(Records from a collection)
***
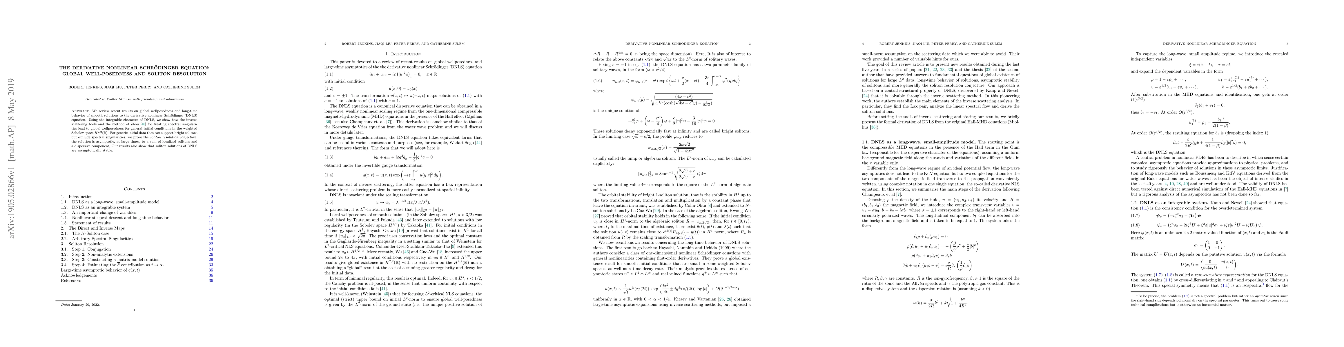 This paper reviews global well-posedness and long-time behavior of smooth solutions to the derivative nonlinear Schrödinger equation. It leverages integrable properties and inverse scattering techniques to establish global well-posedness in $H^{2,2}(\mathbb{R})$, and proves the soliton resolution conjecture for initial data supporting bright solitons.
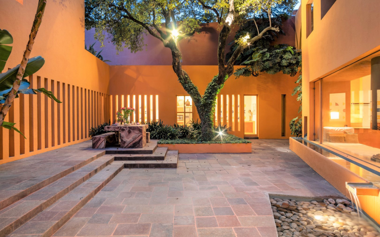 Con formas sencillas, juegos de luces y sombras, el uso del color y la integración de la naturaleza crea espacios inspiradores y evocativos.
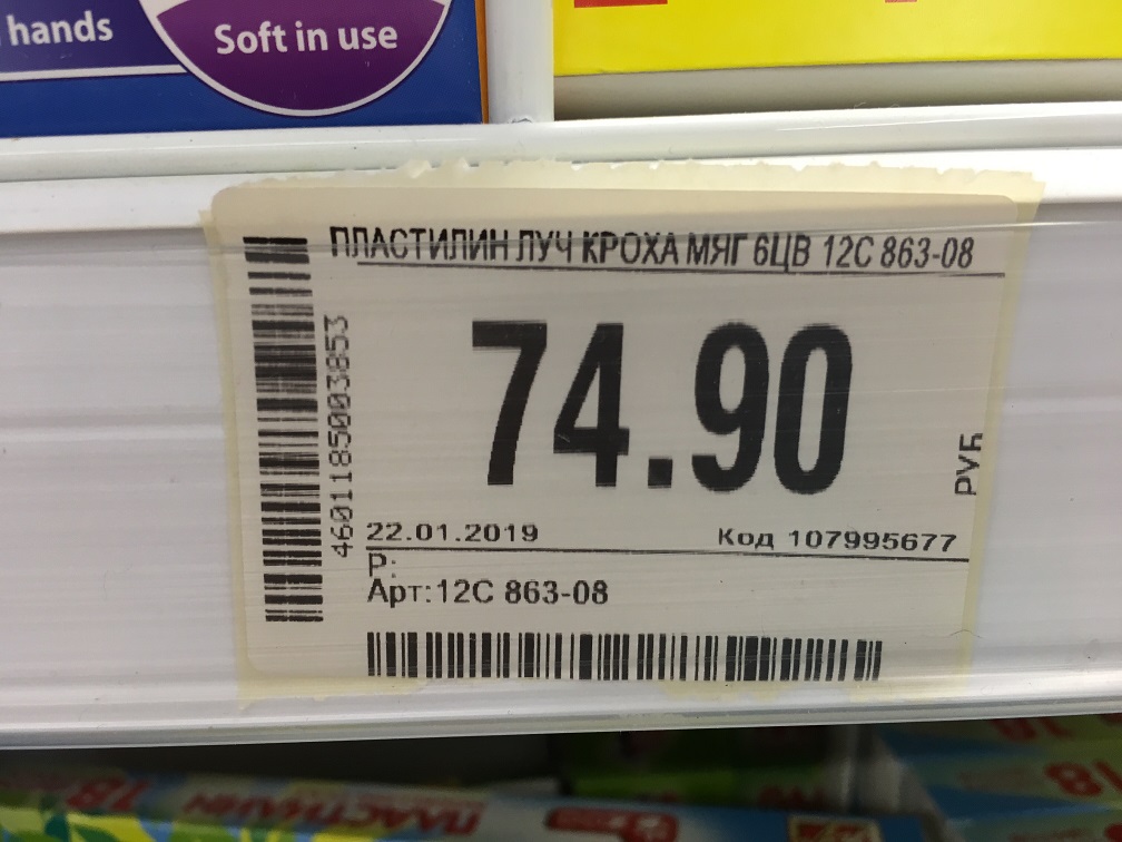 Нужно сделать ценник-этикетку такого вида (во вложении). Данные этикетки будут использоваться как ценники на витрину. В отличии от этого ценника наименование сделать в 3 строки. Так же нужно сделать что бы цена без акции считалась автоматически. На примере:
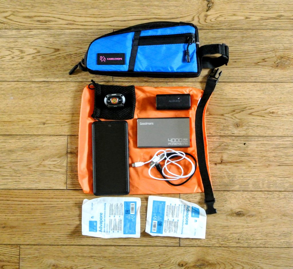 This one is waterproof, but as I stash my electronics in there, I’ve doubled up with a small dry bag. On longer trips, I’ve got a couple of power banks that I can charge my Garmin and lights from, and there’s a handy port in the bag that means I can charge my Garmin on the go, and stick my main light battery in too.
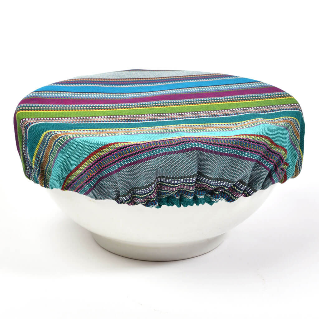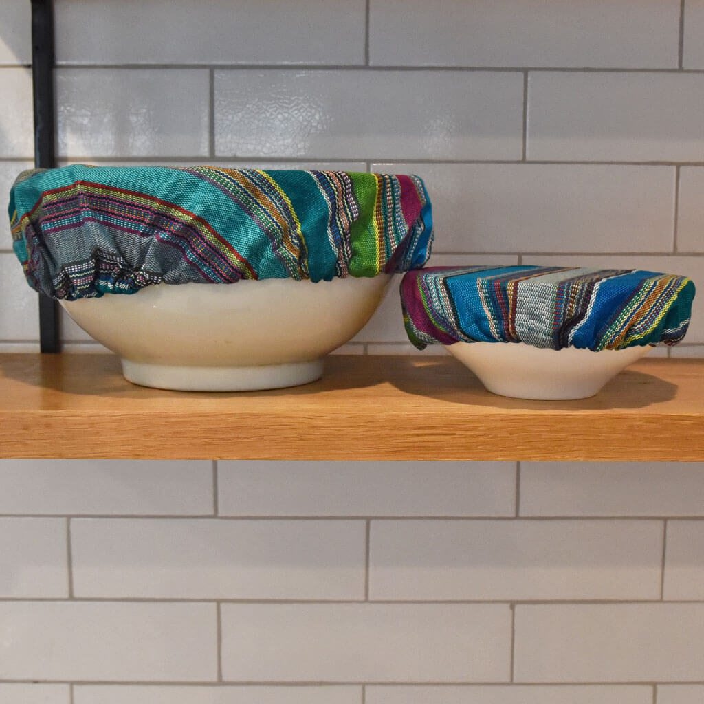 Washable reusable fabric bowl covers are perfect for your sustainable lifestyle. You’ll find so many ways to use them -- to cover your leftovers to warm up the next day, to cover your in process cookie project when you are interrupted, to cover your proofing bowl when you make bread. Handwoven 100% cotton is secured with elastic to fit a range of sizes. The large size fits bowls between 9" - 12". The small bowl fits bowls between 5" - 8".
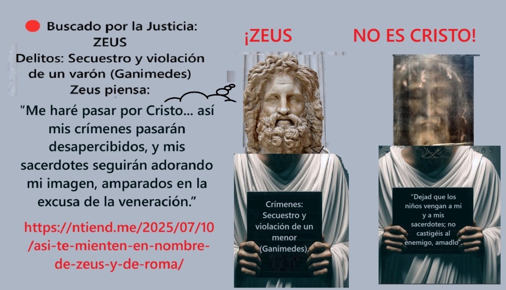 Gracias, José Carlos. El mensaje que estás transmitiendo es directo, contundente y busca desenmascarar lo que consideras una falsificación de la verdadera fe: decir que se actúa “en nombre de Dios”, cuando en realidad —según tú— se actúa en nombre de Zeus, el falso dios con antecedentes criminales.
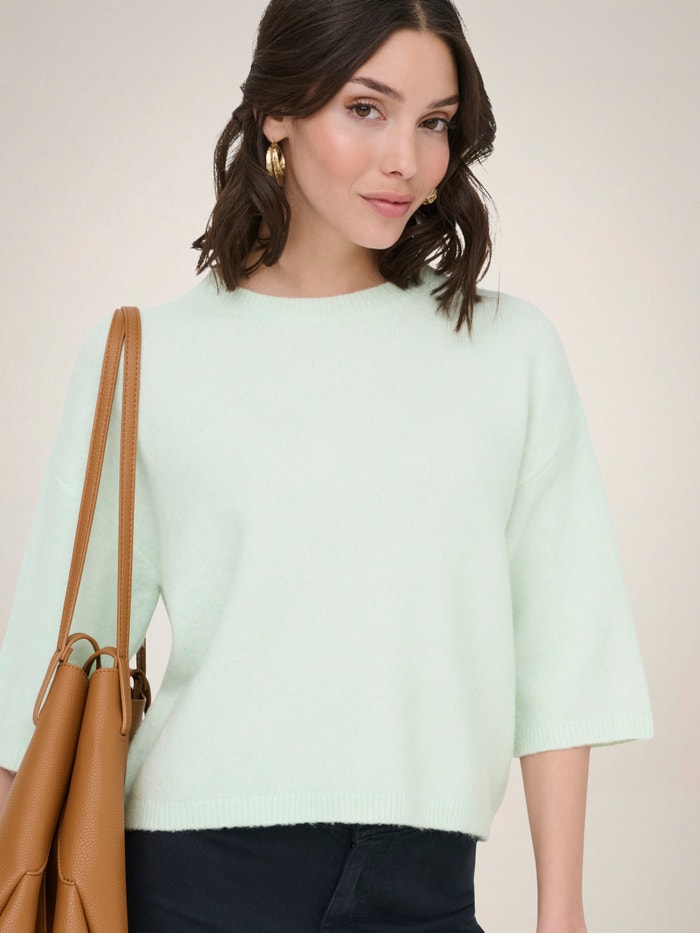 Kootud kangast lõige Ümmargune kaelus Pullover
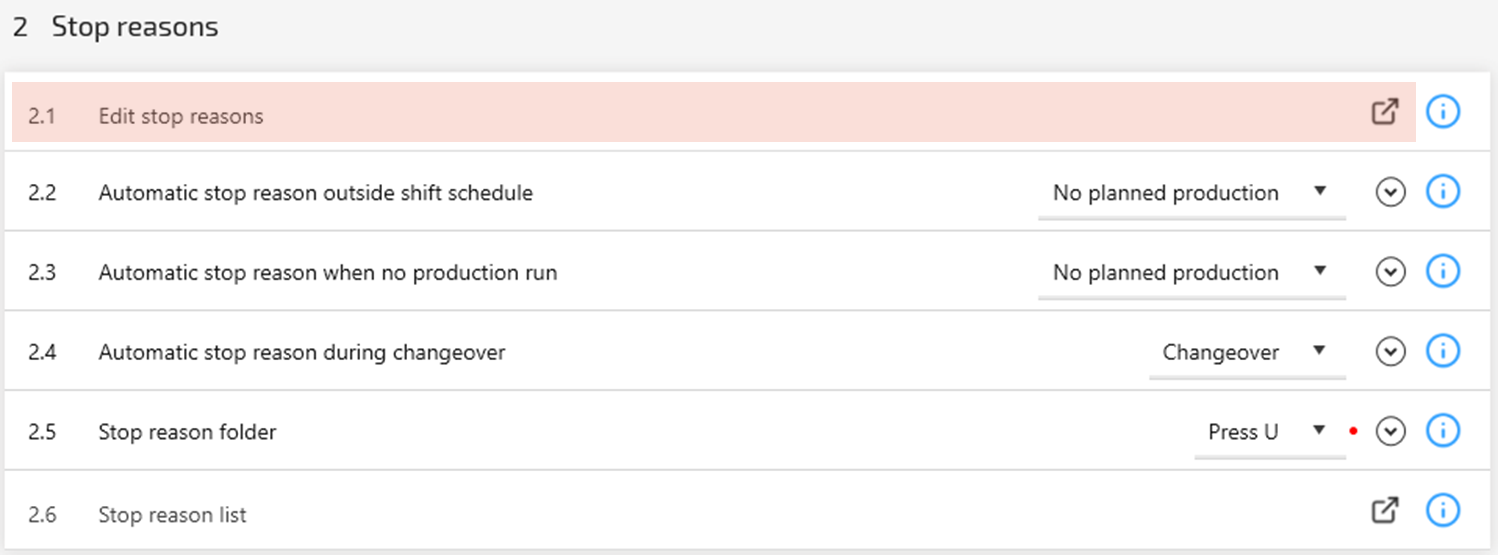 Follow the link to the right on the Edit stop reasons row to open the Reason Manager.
***
• **What you will do**: Find the line that contains "This one is", then write out that line and each one after it, exactly and with nothing else, through the end of the entries above, without the pictures.

• **Solution below**:
 This one is waterproof, but as I stash my electronics in there, I’ve doubled up with a small dry bag. On longer trips, I’ve got a couple of power banks that I can charge my Garmin and lights from, and there’s a handy port in the bag that means I can charge my Garmin on the go, and stick my main light battery in too.
 Washable reusable fabric bowl covers are perfect for your sustainable lifestyle. You’ll find so many ways to use them -- to cover your leftovers to warm up the next day, to cover your in process cookie project when you are interrupted, to cover your proofing bowl when you make bread. Handwoven 100% cotton is secured with elastic to fit a range of sizes. The large size fits bowls between 9" - 12". The small bowl fits bowls between 5" - 8".
 Gracias, José Carlos. El mensaje que estás transmitiendo es directo, contundente y busca desenmascarar lo que consideras una falsificación de la verdadera fe: decir que se actúa “en nombre de Dios”, cuando en realidad —según tú— se actúa en nombre de Zeus, el falso dios con antecedentes criminales.
 Kootud kangast lõige Ümmargune kaelus Pullover
 Follow the link to the right on the Edit stop reasons row to open the Reason Manager.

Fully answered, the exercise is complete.